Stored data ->
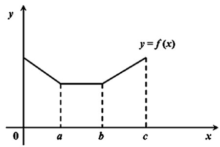 이때, 모이는 장소를 x라 하고, x에서 각 지역까지 거리의 합을 f(x)라고 하면, f(x)=lxl+lx-al+lx-bl+lx-cl 이므로 아래 그래프에서 a≤x≤b일 때, 최소값을 갖는다.
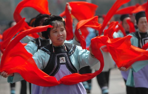 3月27日,在贵阳市花溪首届农民文化节游行演出活动中,当地的布依族群众跳起了欢快的舞蹈。
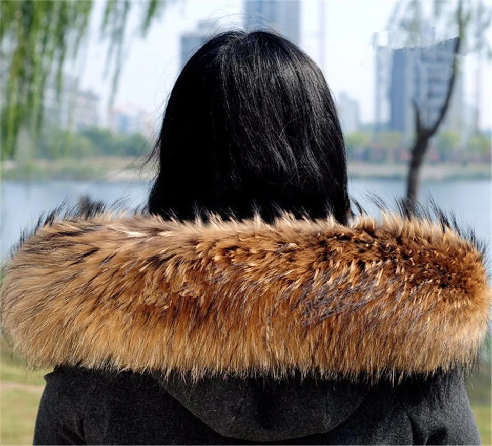 2016 натуральный мех енота шарф женский 100% натуральный мех енота воротник зимняя теплая шаль меховой воротник-шарф L #9
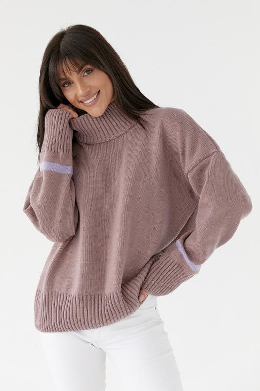 В'язаний жіночий светр. Розмір універсальний 46-54. Склад -- 50% вовна 50% акрил. Зріст моделі на світлині 168 см. Дуже стильний светр вільного крою, комір-стійка. Чудовий вибір у зимову пору року.
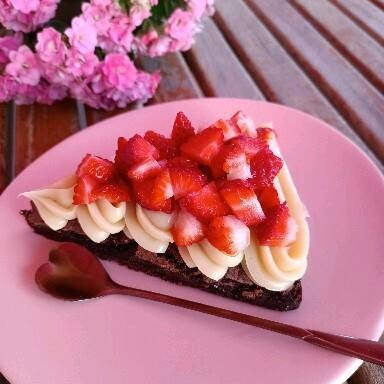 Fatia de Brownie, brigadeiro de Ninho e morangos.
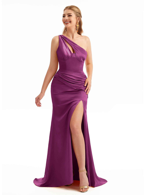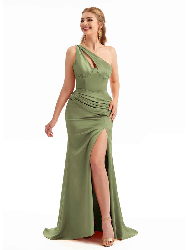 Silky Satin One Shoulder Boho Bridesmaid Dresses Asymmetrical Cutout
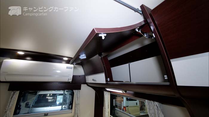 キャブコンなので収納は充実している。まず、ダイネット上部にオーバーヘッド収納が設置されている。TypeXではベッドルームの上部にも両側にオーバーヘッド収納が設置されている。
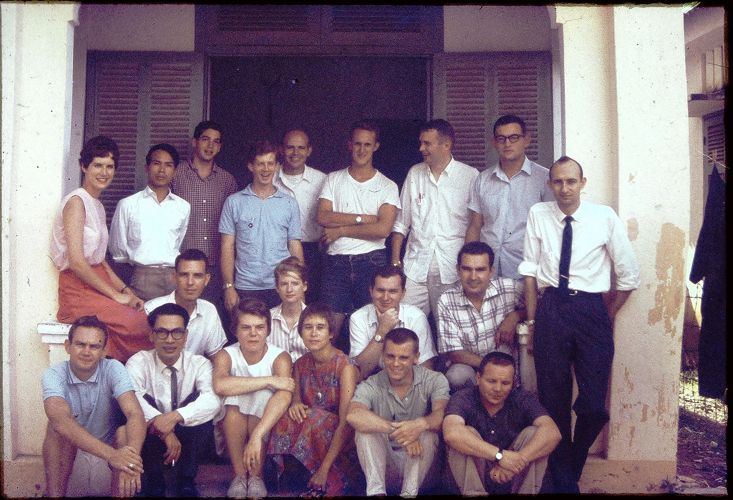 Members of the International Voluntary Services team in Vietnam, circa 1963. Pete is standing in the center, wearing a T-shirt and cutoff jeans. Photo courtesy of Carl Stockton.
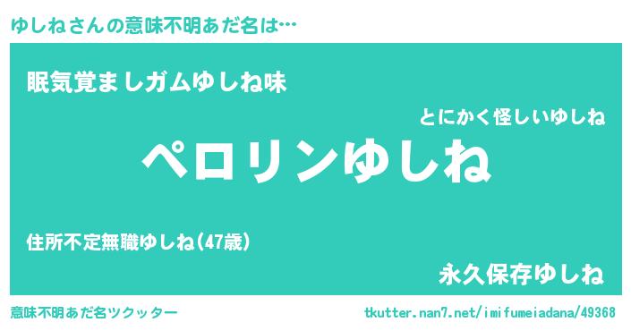 | 男性向けラノベタイトル風あだ名 | 『ゆしねに滅ぼされるだけの簡単なお仕事です』 |
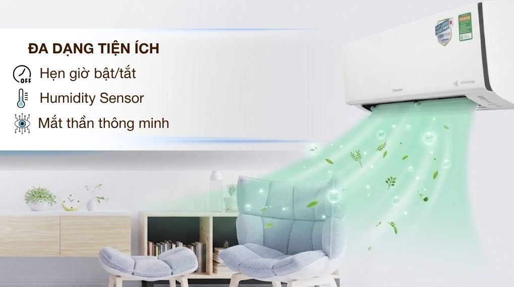 Điều hòa 12300 BTU này sử dụng cơ chế đảo gió lên xuống tự động kết hợp tùy chỉnh trái phải bằng tay, giúp luồng khí lan tỏa đều hơn, đem lại cảm giác dễ chịu ở mọi vị trí trong phòng.
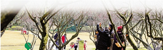 2月23日,长兴县龙山街道梅花公园的红梅进入盛开期。市民纷至沓来,拍照留影。 拍友 谭云俸 周洪峰 摄
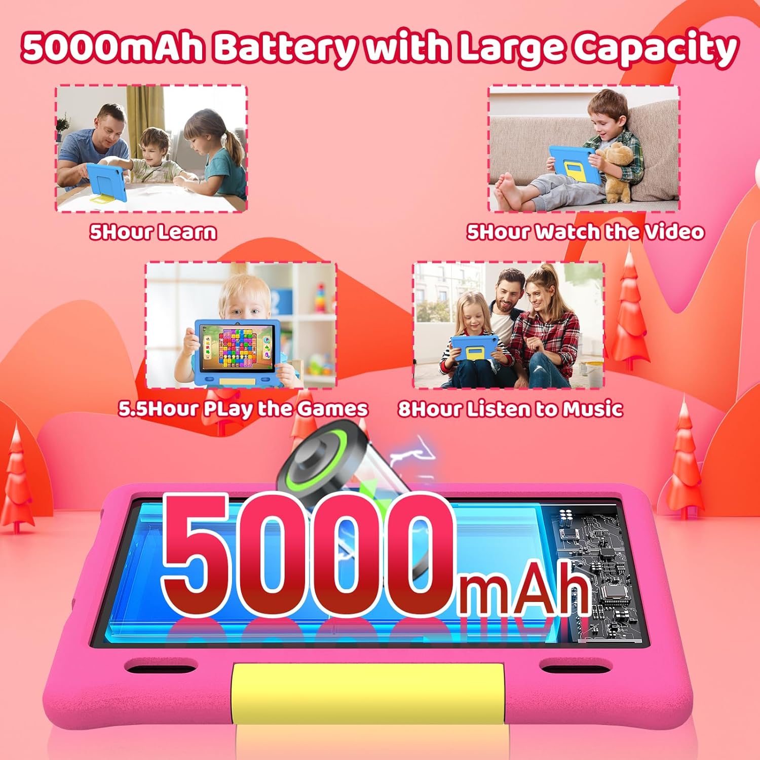 【5000mAh Durable Battery & Type-C Fast Charging】The android 15 tablet for kids is designed for beginners and gamers, equipped with a durable 5000mAh polymer lithium battery that can be used continuously for up to 6 hours (for streaming, educational applications, drawing, or gaming). The android 15 tablet is equipped with a USB Type-C port for fast and convenient charging, ensuring that the tablet always provides power for the child’s next activity without waiting any longer.
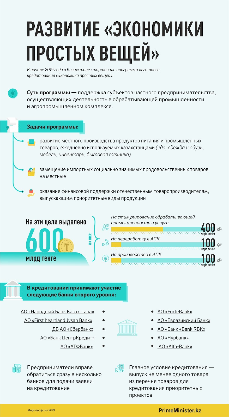 Для поддержки субъектов частного предпринимательства Национальным Банком Республики Казахстан за счет собственных средств и средств, находящихся в его управлении, было выделено 600 млрд тенге. Из них 400 млрд тенге — на стимулирование обрабатывающей промышленности и услуги, 100 млрд тенге — на переработку в АПК, еще 100 млрд тенге — на производство в АПК.
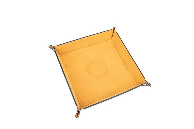 A must-have for any game with dice rolling, this compact, bonded-leather (purely synthetic) dice tray folds flat to easily fit in most game boxes. Snap it into shape in seconds, and you’re ready to roll. The tray is embossed with Elder Scrolls theming and measures approximately 11.5" x 11.5" when flat (9.25" x 9.25" with corners snapped together).
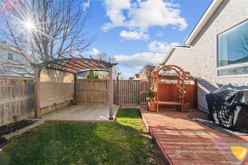 1S//Winnipeg/Open House: Saturday, December 13th from 2 4 PM and Sunday, December 14th from 2 4 PM. Offers as received. Spectacular 1,788 sq. ft. cab-over home located in the highly desirable Richmond West neighborhood. This immaculate property offers 3 bedrooms and 3 full baths, plus 3 additional bedrooms and an office in the basement. As you step inside, you re welcomed by vaulted ceilings and an abundance of natural light that fills the formal living and dining areas. The kitchen showcases elegant maple cabinetry, updated tile flooring and backsplash perfect for both everyday cooking and entertaining. The kitchen opens seamlessly to the main family room, overlooking the beautifully landscaped backyard. The main floor includes two spacious bedrooms and a full bath, while the large primary suite features a 5-piece ensuite and a walk-in closet. Downstairs, the fully finished basement offers three additional bedrooms, a large office, and a full bath providing plenty of space for family, guests, or a home business. The fully fenced backyard is beautifully landscaped and includes a deck, patio, and gazebo ideal for relaxing or hosting gatherings. Furnace was updated in 2024. (231618467)
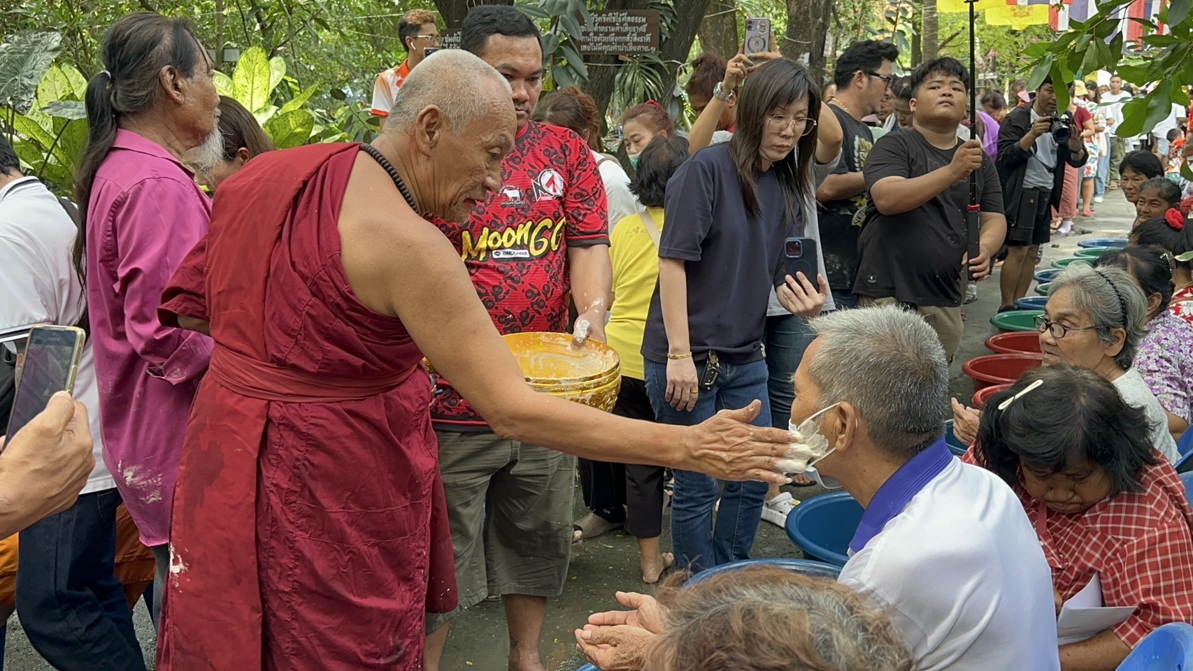 ********สำหรับกิจกรรมภายในงานที่จัดขึ้น เริ่มตั้งแต่ช่วงเช้าที่ผ่านหลวงพ่อแป๊ะ ได้ประกอบพิธีสาวน้ำตาเทียนและลงยันต์หลังมือ เปิดฟ้า เปิดดิน เปิดเมืองบาดาล จากนั้นหลังเที่ยงจัดพิธีสรงน้ำพระเพื่อความเป็นสิริมงคล โดยได้นิมนต์พระสงฆ์จากวัดต่างๆ ในพื้นที่ใกล้เคียง จำนวน 108 รูป มาให้ชาวพุทธได้สรงน้ำขอพร นอกจากนี้ยังมีรดน้ำดำหัวขอพรผู้สูงอายุ ที่มีอายุไม่ต่ำกว่า 70 ปี จำนวนร่วม 100 คน มาให้ศีลให้พร พร้อมกันนี้หลวงพ่อแป๊ะ ได้มอบถังน้ำจนาดใหญ่และข้าวสาร แจกจ่ายให้กับผู้สูงอายุที่ร่วมพิธีทุกคน เพื่อเป็น ปิดท้ายเทศกาลสงกรานต์
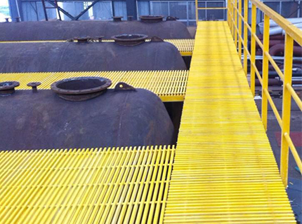 化工厂操作平台 化工厂原料储存会挥发一些腐蚀性气体,传统的金属平台一则会生锈、腐蚀,需要定期保养和维护;二则,在施工的过程中会有电火花出现,容易产生安全隐患。玻璃钢格栅以及楼梯解决了这些问题,轻便且免维护,施工简便,造型美观,赢得了客
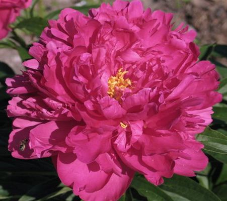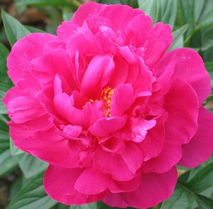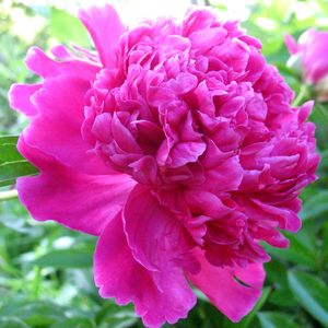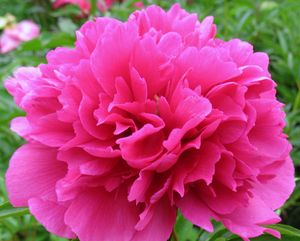 Этот сорт пиона цветёт крупными, пышными цветами ярко-малинового цвета. Цветы в диаметре достигают 15 сантиметров, источают приятный тонкий аромат. Куст небольшой, врастает до 70 сантиметров в высоту. Листва приятного зелёного цвета. |

Brief -> Copy every line of the data exactly as written, excluding the pictures.

Written response ->
 이때, 모이는 장소를 x라 하고, x에서 각 지역까지 거리의 합을 f(x)라고 하면, f(x)=lxl+lx-al+lx-bl+lx-cl 이므로 아래 그래프에서 a≤x≤b일 때, 최소값을 갖는다.
 3月27日,在贵阳市花溪首届农民文化节游行演出活动中,当地的布依族群众跳起了欢快的舞蹈。
 2016 натуральный мех енота шарф женский 100% натуральный мех енота воротник зимняя теплая шаль меховой воротник-шарф L #9
 В'язаний жіночий светр. Розмір універсальний 46-54. Склад -- 50% вовна 50% акрил. Зріст моделі на світлині 168 см. Дуже стильний светр вільного крою, комір-стійка. Чудовий вибір у зимову пору року.
 Fatia de Brownie, brigadeiro de Ninho e morangos.
 Silky Satin One Shoulder Boho Bridesmaid Dresses Asymmetrical Cutout
 キャブコンなので収納は充実している。まず、ダイネット上部にオーバーヘッド収納が設置されている。TypeXではベッドルームの上部にも両側にオーバーヘッド収納が設置されている。
 Members of the International Voluntary Services team in Vietnam, circa 1963. Pete is standing in the center, wearing a T-shirt and cutoff jeans. Photo courtesy of Carl Stockton.
 | 男性向けラノベタイトル風あだ名 | 『ゆしねに滅ぼされるだけの簡単なお仕事です』 |
 Điều hòa 12300 BTU này sử dụng cơ chế đảo gió lên xuống tự động kết hợp tùy chỉnh trái phải bằng tay, giúp luồng khí lan tỏa đều hơn, đem lại cảm giác dễ chịu ở mọi vị trí trong phòng.
 2月23日,长兴县龙山街道梅花公园的红梅进入盛开期。市民纷至沓来,拍照留影。 拍友 谭云俸 周洪峰 摄
 【5000mAh Durable Battery & Type-C Fast Charging】The android 15 tablet for kids is designed for beginners and gamers, equipped with a durable 5000mAh polymer lithium battery that can be used continuously for up to 6 hours (for streaming, educational applications, drawing, or gaming). The android 15 tablet is equipped with a USB Type-C port for fast and convenient charging, ensuring that the tablet always provides power for the child’s next activity without waiting any longer.
 Для поддержки субъектов частного предпринимательства Национальным Банком Республики Казахстан за счет собственных средств и средств, находящихся в его управлении, было выделено 600 млрд тенге. Из них 400 млрд тенге — на стимулирование обрабатывающей промышленности и услуги, 100 млрд тенге — на переработку в АПК, еще 100 млрд тенге — на производство в АПК.
 A must-have for any game with dice rolling, this compact, bonded-leather (purely synthetic) dice tray folds flat to easily fit in most game boxes. Snap it into shape in seconds, and you’re ready to roll. The tray is embossed with Elder Scrolls theming and measures approximately 11.5" x 11.5" when flat (9.25" x 9.25" with corners snapped together).
 1S//Winnipeg/Open House: Saturday, December 13th from 2 4 PM and Sunday, December 14th from 2 4 PM. Offers as received. Spectacular 1,788 sq. ft. cab-over home located in the highly desirable Richmond West neighborhood. This immaculate property offers 3 bedrooms and 3 full baths, plus 3 additional bedrooms and an office in the basement. As you step inside, you re welcomed by vaulted ceilings and an abundance of natural light that fills the formal living and dining areas. The kitchen showcases elegant maple cabinetry, updated tile flooring and backsplash perfect for both everyday cooking and entertaining. The kitchen opens seamlessly to the main family room, overlooking the beautifully landscaped backyard. The main floor includes two spacious bedrooms and a full bath, while the large primary suite features a 5-piece ensuite and a walk-in closet. Downstairs, the fully finished basement offers three additional bedrooms, a large office, and a full bath providing plenty of space for family, guests, or a home business. The fully fenced backyard is beautifully landscaped and includes a deck, patio, and gazebo ideal for relaxing or hosting gatherings. Furnace was updated in 2024. (231618467)
 ********สำหรับกิจกรรมภายในงานที่จัดขึ้น เริ่มตั้งแต่ช่วงเช้าที่ผ่านหลวงพ่อแป๊ะ ได้ประกอบพิธีสาวน้ำตาเทียนและลงยันต์หลังมือ เปิดฟ้า เปิดดิน เปิดเมืองบาดาล จากนั้นหลังเที่ยงจัดพิธีสรงน้ำพระเพื่อความเป็นสิริมงคล โดยได้นิมนต์พระสงฆ์จากวัดต่างๆ ในพื้นที่ใกล้เคียง จำนวน 108 รูป มาให้ชาวพุทธได้สรงน้ำขอพร นอกจากนี้ยังมีรดน้ำดำหัวขอพรผู้สูงอายุ ที่มีอายุไม่ต่ำกว่า 70 ปี จำนวนร่วม 100 คน มาให้ศีลให้พร พร้อมกันนี้หลวงพ่อแป๊ะ ได้มอบถังน้ำจนาดใหญ่และข้าวสาร แจกจ่ายให้กับผู้สูงอายุที่ร่วมพิธีทุกคน เพื่อเป็น ปิดท้ายเทศกาลสงกรานต์
 化工厂操作平台 化工厂原料储存会挥发一些腐蚀性气体,传统的金属平台一则会生锈、腐蚀,需要定期保养和维护;二则,在施工的过程中会有电火花出现,容易产生安全隐患。玻璃钢格栅以及楼梯解决了这些问题,轻便且免维护,施工简便,造型美观,赢得了客
 Этот сорт пиона цветёт крупными, пышными цветами ярко-малинового цвета. Цветы в диаметре достигают 15 сантиметров, источают приятный тонкий аромат. Куст небольшой, врастает до 70 сантиметров в высоту. Листва приятного зелёного цвета. |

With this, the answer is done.